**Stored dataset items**

BEGIN

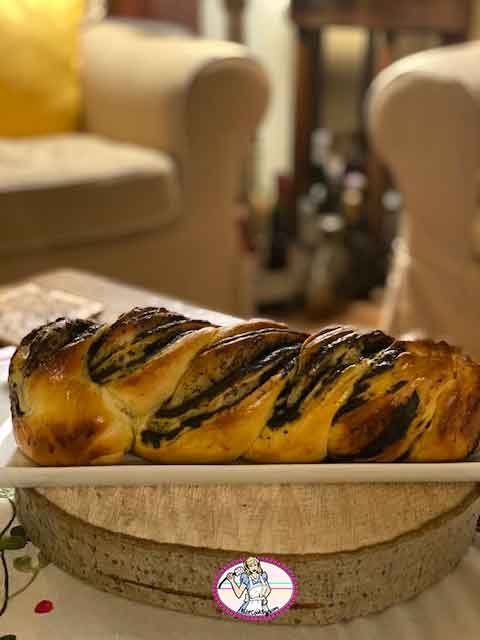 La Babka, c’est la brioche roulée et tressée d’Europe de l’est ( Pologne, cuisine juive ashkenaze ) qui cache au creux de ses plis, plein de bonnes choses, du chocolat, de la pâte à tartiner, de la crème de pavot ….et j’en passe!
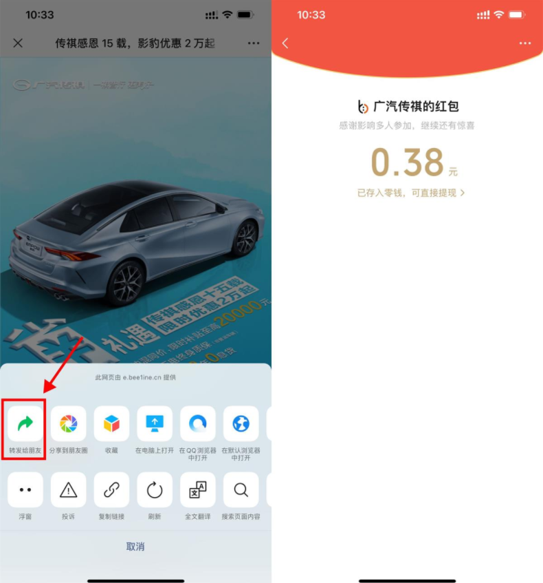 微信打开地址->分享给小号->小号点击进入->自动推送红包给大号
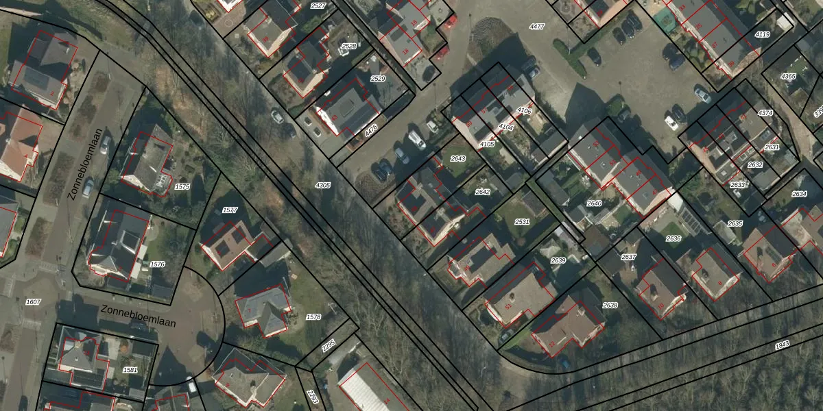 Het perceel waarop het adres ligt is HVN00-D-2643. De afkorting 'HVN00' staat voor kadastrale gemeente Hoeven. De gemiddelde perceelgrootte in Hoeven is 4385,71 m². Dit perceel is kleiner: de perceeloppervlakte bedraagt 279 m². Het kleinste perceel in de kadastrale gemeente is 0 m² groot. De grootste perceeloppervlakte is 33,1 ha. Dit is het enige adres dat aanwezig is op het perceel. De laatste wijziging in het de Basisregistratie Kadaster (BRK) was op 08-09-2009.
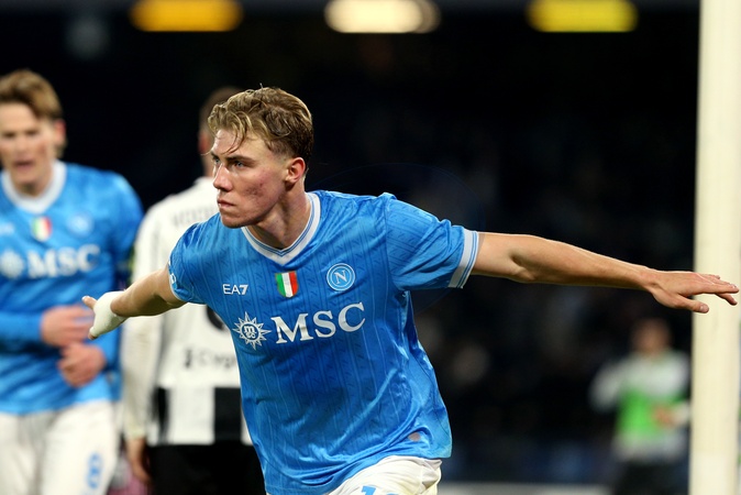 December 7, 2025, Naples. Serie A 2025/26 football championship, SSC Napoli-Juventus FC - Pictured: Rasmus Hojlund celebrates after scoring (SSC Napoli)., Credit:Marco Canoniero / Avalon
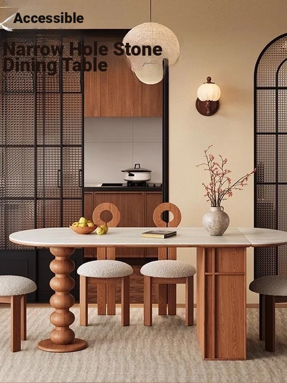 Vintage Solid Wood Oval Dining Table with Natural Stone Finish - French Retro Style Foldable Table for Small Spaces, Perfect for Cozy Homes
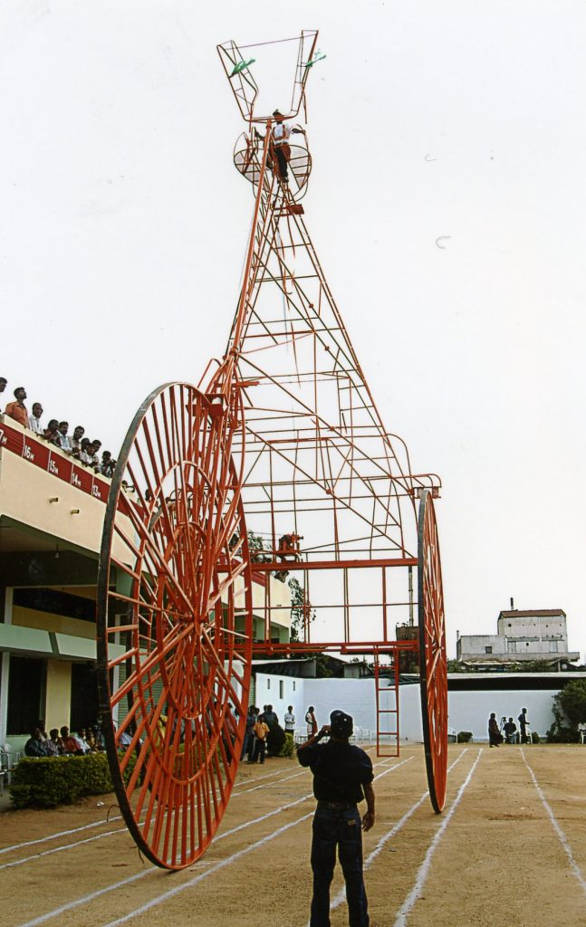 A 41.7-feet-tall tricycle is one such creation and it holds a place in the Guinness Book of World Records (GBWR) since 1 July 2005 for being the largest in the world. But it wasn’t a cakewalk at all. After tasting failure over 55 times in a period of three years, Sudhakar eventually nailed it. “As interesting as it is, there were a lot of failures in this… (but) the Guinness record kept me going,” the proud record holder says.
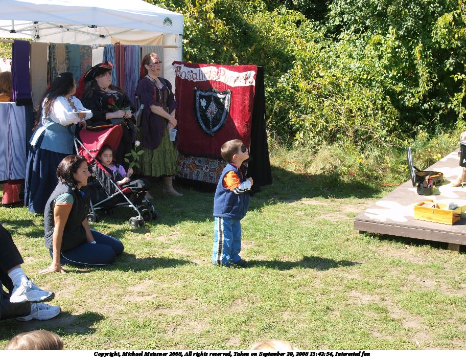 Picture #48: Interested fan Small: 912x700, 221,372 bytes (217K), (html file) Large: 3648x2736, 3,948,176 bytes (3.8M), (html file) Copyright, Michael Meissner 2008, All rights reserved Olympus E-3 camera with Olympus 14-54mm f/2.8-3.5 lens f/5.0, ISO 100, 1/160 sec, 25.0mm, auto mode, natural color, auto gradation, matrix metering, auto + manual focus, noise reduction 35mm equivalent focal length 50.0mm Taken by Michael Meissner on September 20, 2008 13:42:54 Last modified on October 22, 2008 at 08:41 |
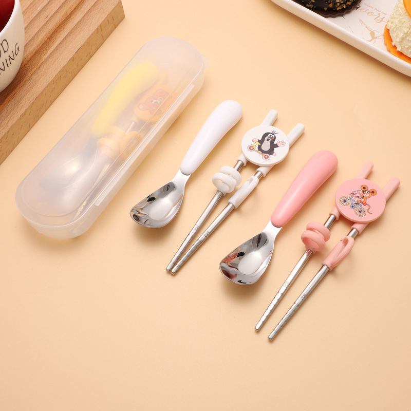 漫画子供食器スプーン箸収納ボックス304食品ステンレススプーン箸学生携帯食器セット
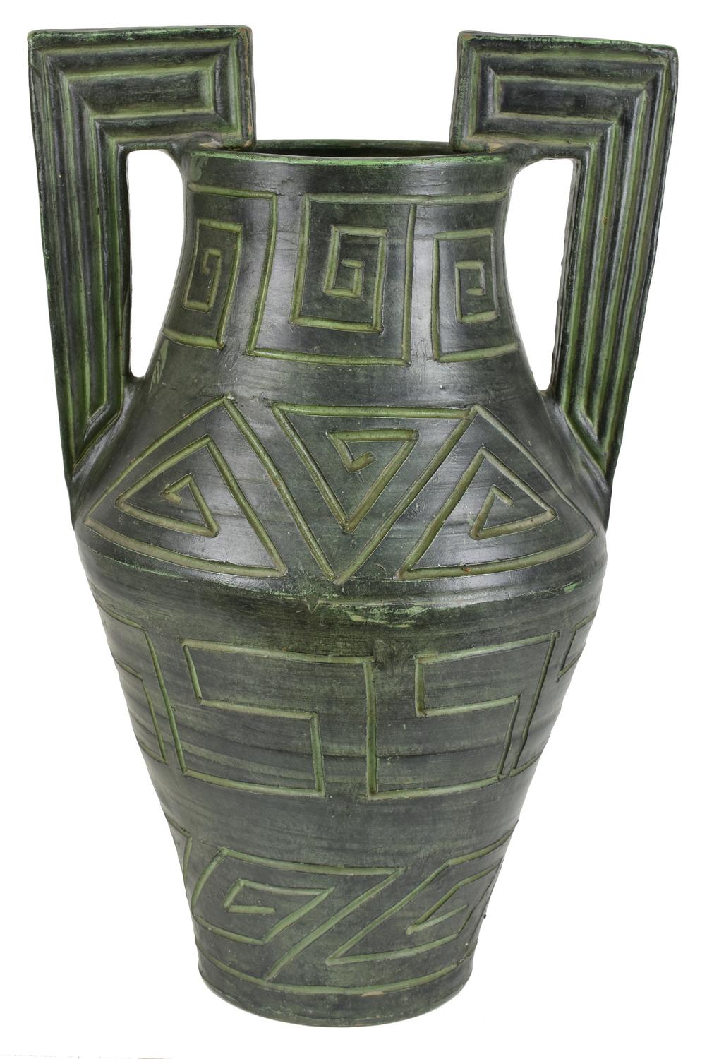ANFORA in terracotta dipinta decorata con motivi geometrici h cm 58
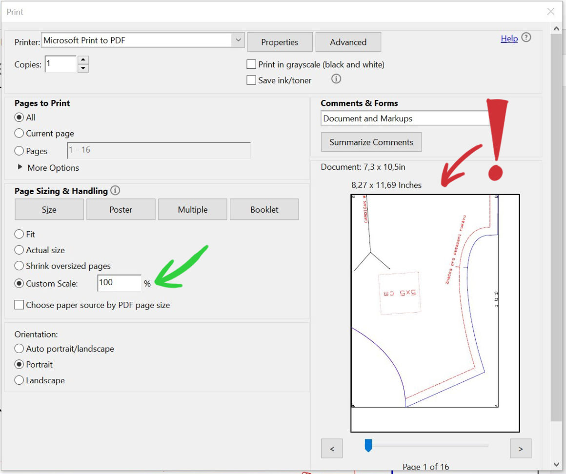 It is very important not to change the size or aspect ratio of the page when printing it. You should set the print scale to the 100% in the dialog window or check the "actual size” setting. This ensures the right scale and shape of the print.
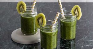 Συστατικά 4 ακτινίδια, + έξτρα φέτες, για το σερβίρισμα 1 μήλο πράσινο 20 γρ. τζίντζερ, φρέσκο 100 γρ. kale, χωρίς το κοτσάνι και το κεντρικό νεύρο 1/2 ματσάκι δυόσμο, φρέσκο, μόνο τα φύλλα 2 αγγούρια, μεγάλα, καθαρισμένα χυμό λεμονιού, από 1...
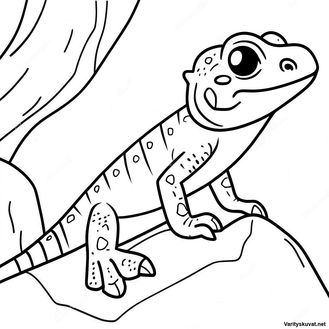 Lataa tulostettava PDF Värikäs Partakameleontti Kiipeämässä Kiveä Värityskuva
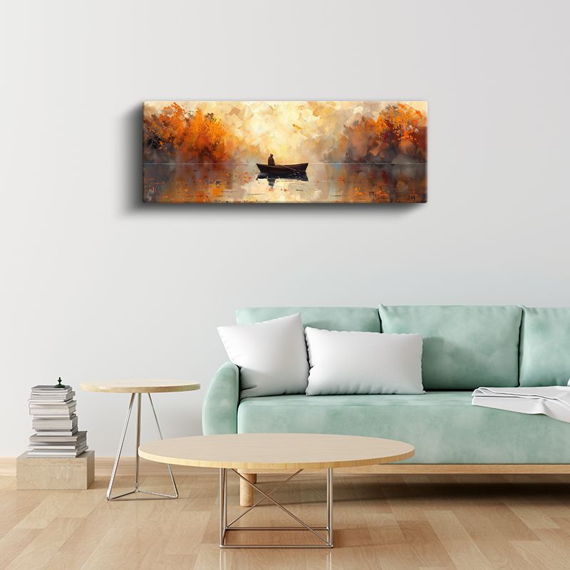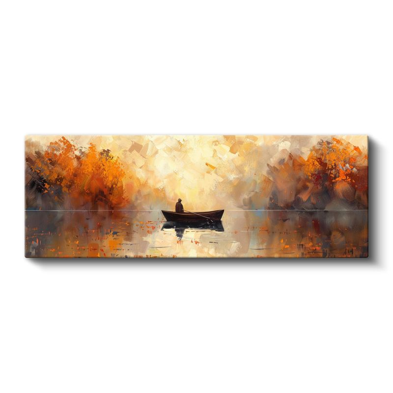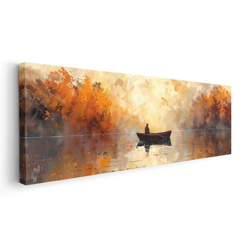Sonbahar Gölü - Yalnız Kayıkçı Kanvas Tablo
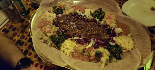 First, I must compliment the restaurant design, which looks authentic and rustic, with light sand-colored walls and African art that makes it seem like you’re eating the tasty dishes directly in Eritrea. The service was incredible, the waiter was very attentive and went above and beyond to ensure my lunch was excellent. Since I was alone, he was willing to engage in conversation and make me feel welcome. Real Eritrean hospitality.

END

**What you will do**
Set the pictures aside and transcribe exactly the stretch of lines above, beginning with the one holding "December 7, 2025, Naples." and ending with the one holding "Vintage Solid Wood".

**Solution for this task**
 December 7, 2025, Naples. Serie A 2025/26 football championship, SSC Napoli-Juventus FC - Pictured: Rasmus Hojlund celebrates after scoring (SSC Napoli)., Credit:Marco Canoniero / Avalon
 Vintage Solid Wood Oval Dining Table with Natural Stone Finish - French Retro Style Foldable Table for Small Spaces, Perfect for Cozy Homes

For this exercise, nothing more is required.